Exercise material:
════════════════════

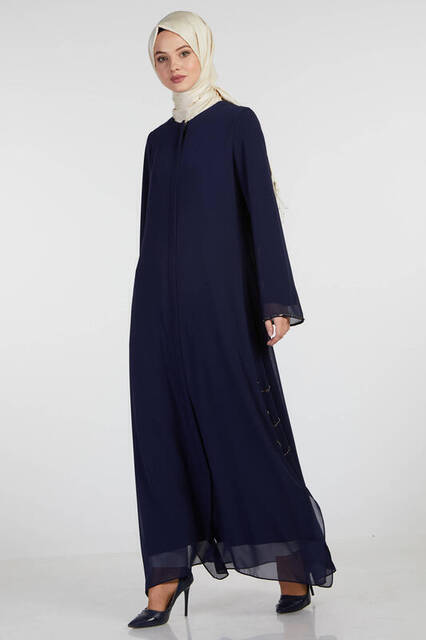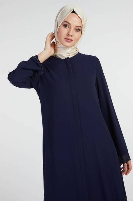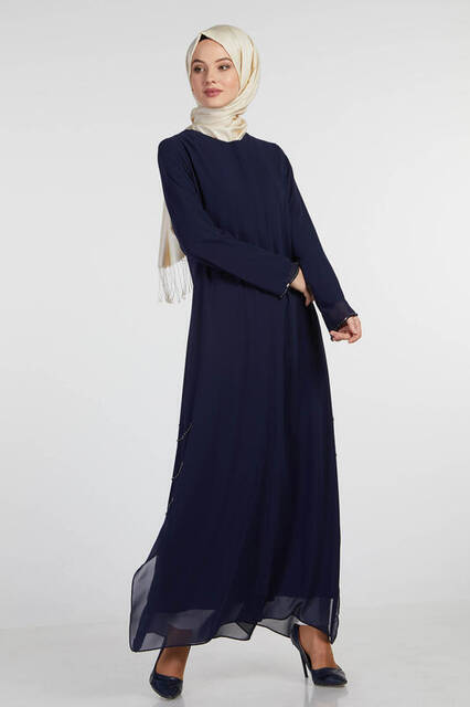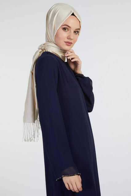 Ürün Adı: "Şükran 35886 Gümüş İncili Ferace Lacivert"
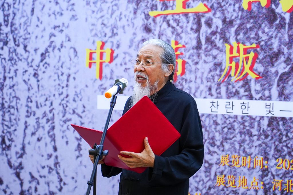 甄忠义在欢迎辞中表示,此次展览是一次艺术的盛会,更是一次文化的交流与对话。作品呈现了艺术家对生活的深刻感悟与对美的不懈追求,彰显了中韩两国版画艺术的魅力,为中韩搭建起艺术友谊之桥,促进了民间书画艺术的交流与发展。
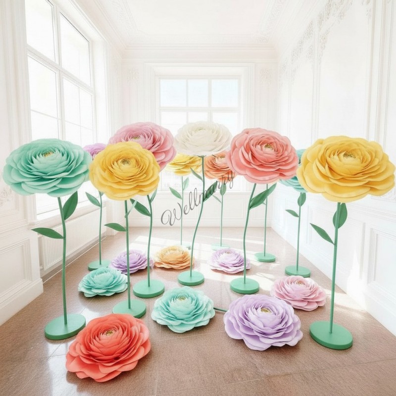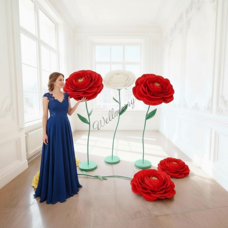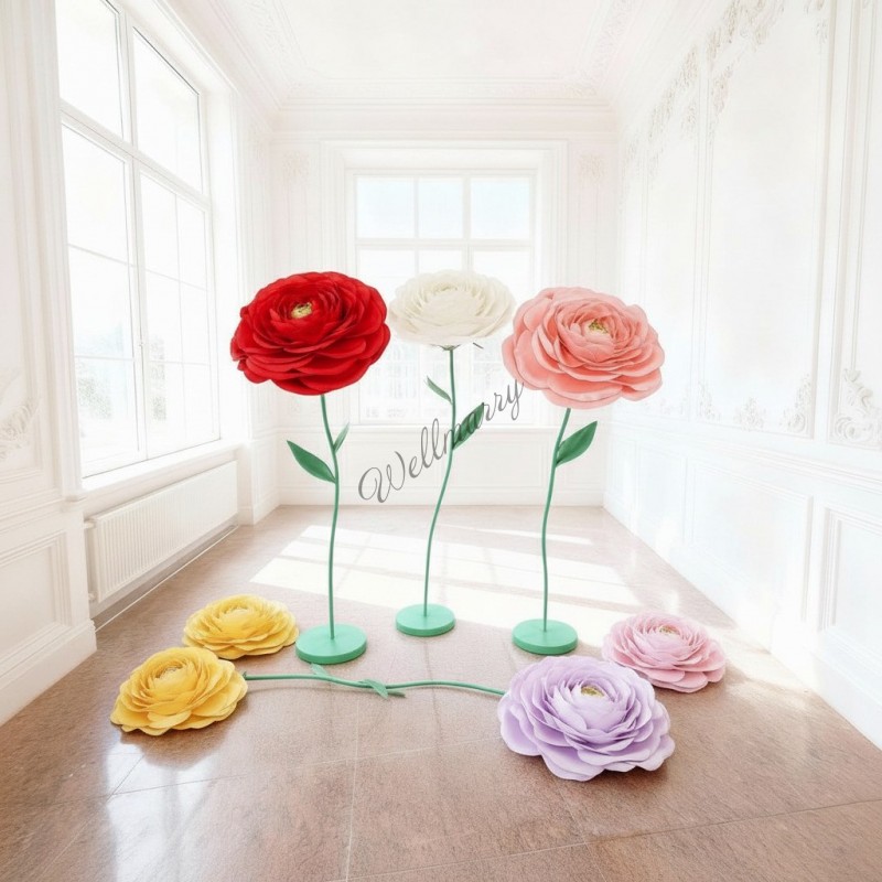 Ростовой цветок "Ранункулюс" (влагоустойчивый) может быть выполнен из изолона или фоамирана различных цветовых оттенков. Цветок можно мыть под прохладной водой, протирать влажной салфеткой, использовать для декора в дождливую погоду. Гигантские цветы на ножке прекрасно подойдут для оформления фотозоны, витрины, свадьбы, дня рождения или любого другого события.
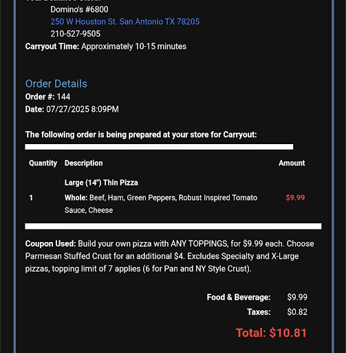 Read moreSo I accidentally ordered from this dominoes location again thinking I was ordering from somewhere else. (Last time I got food poisoning). How that happens I don't know but it did. I guess was way too hungry. Placed an order at 10:30 PM on a Saturday and it didn't leave the store till 12:30 AM. I never received the order. No text. No call. Nothing.
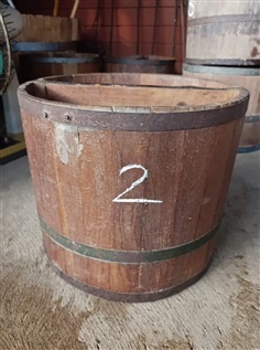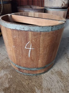 ถังไม้ตวงข้าว เป็นภาชนะทรงกระบอก ก้นทึบ ปากกลวง ทำด้วยไม้สัก มีแผ่นโลหะรัดที่ก้นถัง กลางถัง และขอบปากเพื่อความคงทน สำหรับใช้เป็นเครื่องตวงข้าวสาร ข้าวเปลือก และเมล็ดพืชผลต่าง ๆ มีทั้งขนาดความจุ 5-10-20-40 ทะนาน หรือ ลิตร มีไม้คานขวางกลางปากถังเป็นที่จับ (ตัวผู้) อีกแบบจะมีที่จับอยู่ด้านข้าง (ตัวเมีย) การตวงต้องเทเมล็ดข้าวเปลือก ข้าวสาร หรือเมล็ดพืชอื่น ๆ ลงไปจนพูนถังแล้วใช้ไม้ปาดให้เสมอขอบปากถัง สมัยก่อนจะใช้ตวงข้าวเปลือก 100 ถัง เท่ากับ 1 เกวียน 50 ถัง เรียก 1 บั้น
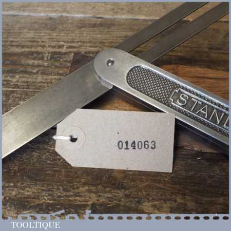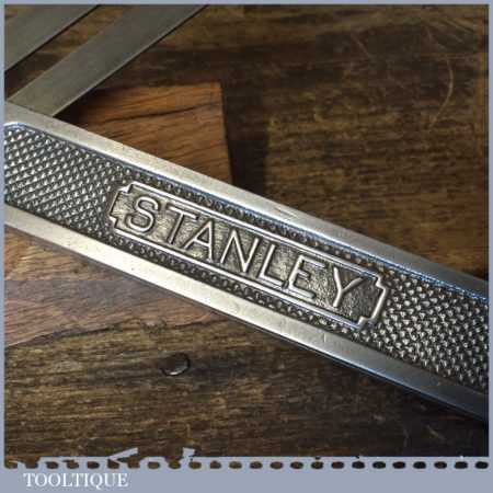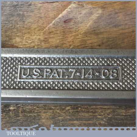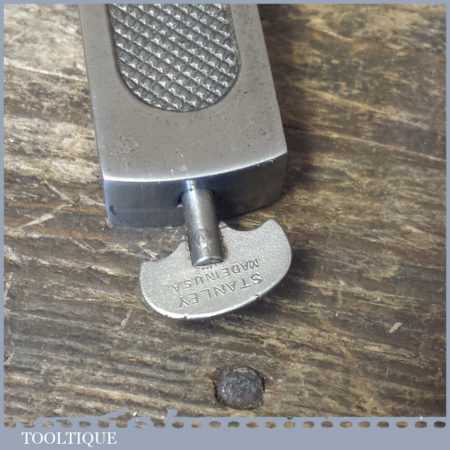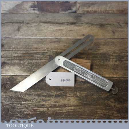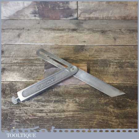 Vintage Stanley USA quick release steel sliding bevel, Pat dated 7-14-08 in good used condition, everything moves freely and it works as it should. This bevel has a 9 ¾” blade and quick release adjustment set screw at the base of the main body.
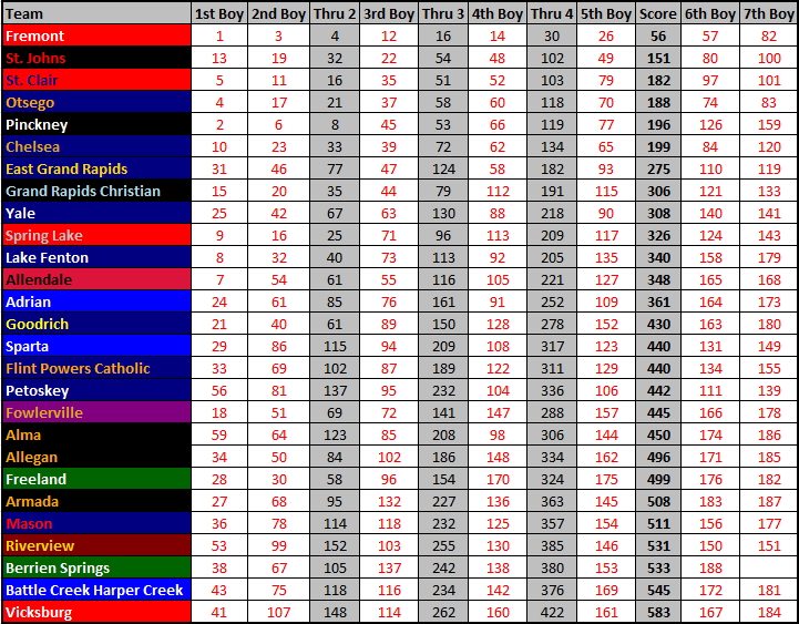 St. John’s appears to be the safest bet of any in the remaining competitors. Their spread is minimal, at the most 0:45. They’ve risen to the occasion in championship meets, claiming an easy victory over East Lansing at the Greater Lansing Meet.

════════════════════

Instructions for the task: Starting at the first line of the data, set down each line exactly until you have copied the line with "любого другого события.", but leave the pictures out.

Task output:
 Ürün Adı: "Şükran 35886 Gümüş İncili Ferace Lacivert"
 甄忠义在欢迎辞中表示,此次展览是一次艺术的盛会,更是一次文化的交流与对话。作品呈现了艺术家对生活的深刻感悟与对美的不懈追求,彰显了中韩两国版画艺术的魅力,为中韩搭建起艺术友谊之桥,促进了民间书画艺术的交流与发展。
 Ростовой цветок "Ранункулюс" (влагоустойчивый) может быть выполнен из изолона или фоамирана различных цветовых оттенков. Цветок можно мыть под прохладной водой, протирать влажной салфеткой, использовать для декора в дождливую погоду. Гигантские цветы на ножке прекрасно подойдут для оформления фотозоны, витрины, свадьбы, дня рождения или любого другого события.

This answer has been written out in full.